> **PROBLEM**
Some entries follow. Reproduce exactly the lines starting at the one with "2024 Bowman Draft" and stopping after the one with "Komplet lamp rowerowych".

> **SUPPLIED MATERIAL**
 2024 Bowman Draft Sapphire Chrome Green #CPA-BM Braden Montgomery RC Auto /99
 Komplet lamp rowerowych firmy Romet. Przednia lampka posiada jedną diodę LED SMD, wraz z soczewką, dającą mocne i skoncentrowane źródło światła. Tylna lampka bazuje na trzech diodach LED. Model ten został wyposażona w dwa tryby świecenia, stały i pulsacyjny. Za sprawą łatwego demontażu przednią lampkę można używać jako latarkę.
---
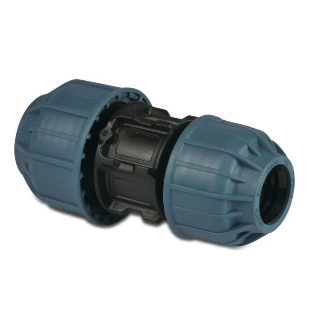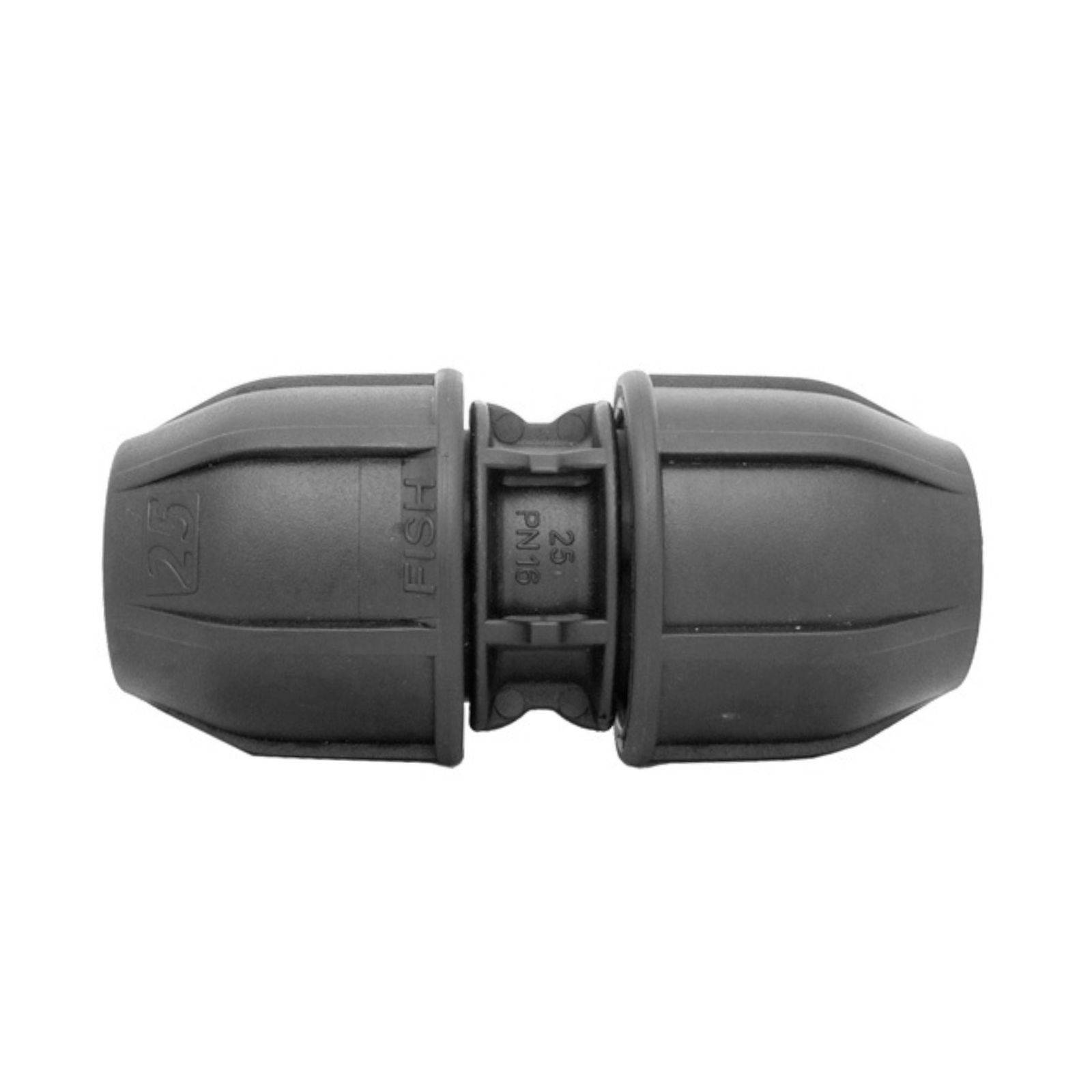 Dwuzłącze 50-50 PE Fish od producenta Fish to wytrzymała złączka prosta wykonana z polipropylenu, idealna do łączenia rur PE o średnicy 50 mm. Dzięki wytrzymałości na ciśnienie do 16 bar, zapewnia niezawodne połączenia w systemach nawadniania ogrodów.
---
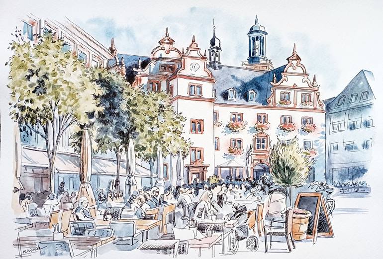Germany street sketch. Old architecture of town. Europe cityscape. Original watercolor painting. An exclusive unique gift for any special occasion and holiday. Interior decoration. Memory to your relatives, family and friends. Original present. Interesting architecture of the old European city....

> **SOLUTION**
 2024 Bowman Draft Sapphire Chrome Green #CPA-BM Braden Montgomery RC Auto /99
 Komplet lamp rowerowych firmy Romet. Przednia lampka posiada jedną diodę LED SMD, wraz z soczewką, dającą mocne i skoncentrowane źródło światła. Tylna lampka bazuje na trzech diodach LED. Model ten został wyposażona w dwa tryby świecenia, stały i pulsacyjny. Za sprawą łatwego demontażu przednią lampkę można używać jako latarkę.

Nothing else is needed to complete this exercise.